> COLLECTED DATA
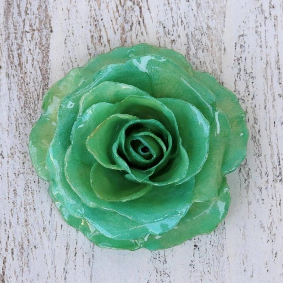 Artisan Crafted Natural Rose Brooch in Green from Thailand 'Rosy Mood in Green' Item ID: 2671801053
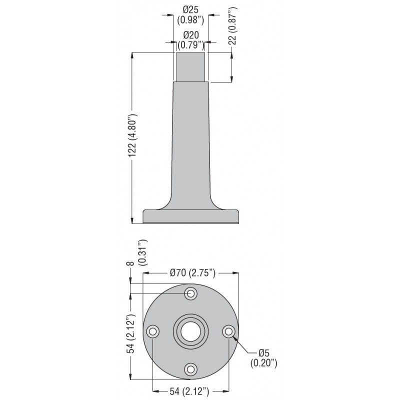 Base de fixation Lovato, pour colonne de signalisation et balises, montage mural horizontal, diamètre 62/ 2,44 - 70, pouce 2,75, couleur noire, matériau plastique, poids 45 g.
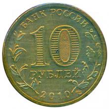 Аверс: в центре диска - обозначение номинала монеты "10 РУБЛЕЙ". Внутри цифры "0" - скрытые, видимые поочередно при изменении угла зрения изображения цифры "10" и надписи "РУБ". По окружности вдоль канта - надписи, вверху: "БАНК РОССИИ", внизу - дата: "2010", слева - стилизованное изображение оливковой ветви, справа - дубовой.

> TASK GOAL
Every line from the one that holds "Base de fixation" to the end of the listing should be output exactly, with pictures left out, please.

> ANSWER BOX
 Base de fixation Lovato, pour colonne de signalisation et balises, montage mural horizontal, diamètre 62/ 2,44 - 70, pouce 2,75, couleur noire, matériau plastique, poids 45 g.
 Аверс: в центре диска - обозначение номинала монеты "10 РУБЛЕЙ". Внутри цифры "0" - скрытые, видимые поочередно при изменении угла зрения изображения цифры "10" и надписи "РУБ". По окружности вдоль канта - надписи, вверху: "БАНК РОССИИ", внизу - дата: "2010", слева - стилизованное изображение оливковой ветви, справа - дубовой.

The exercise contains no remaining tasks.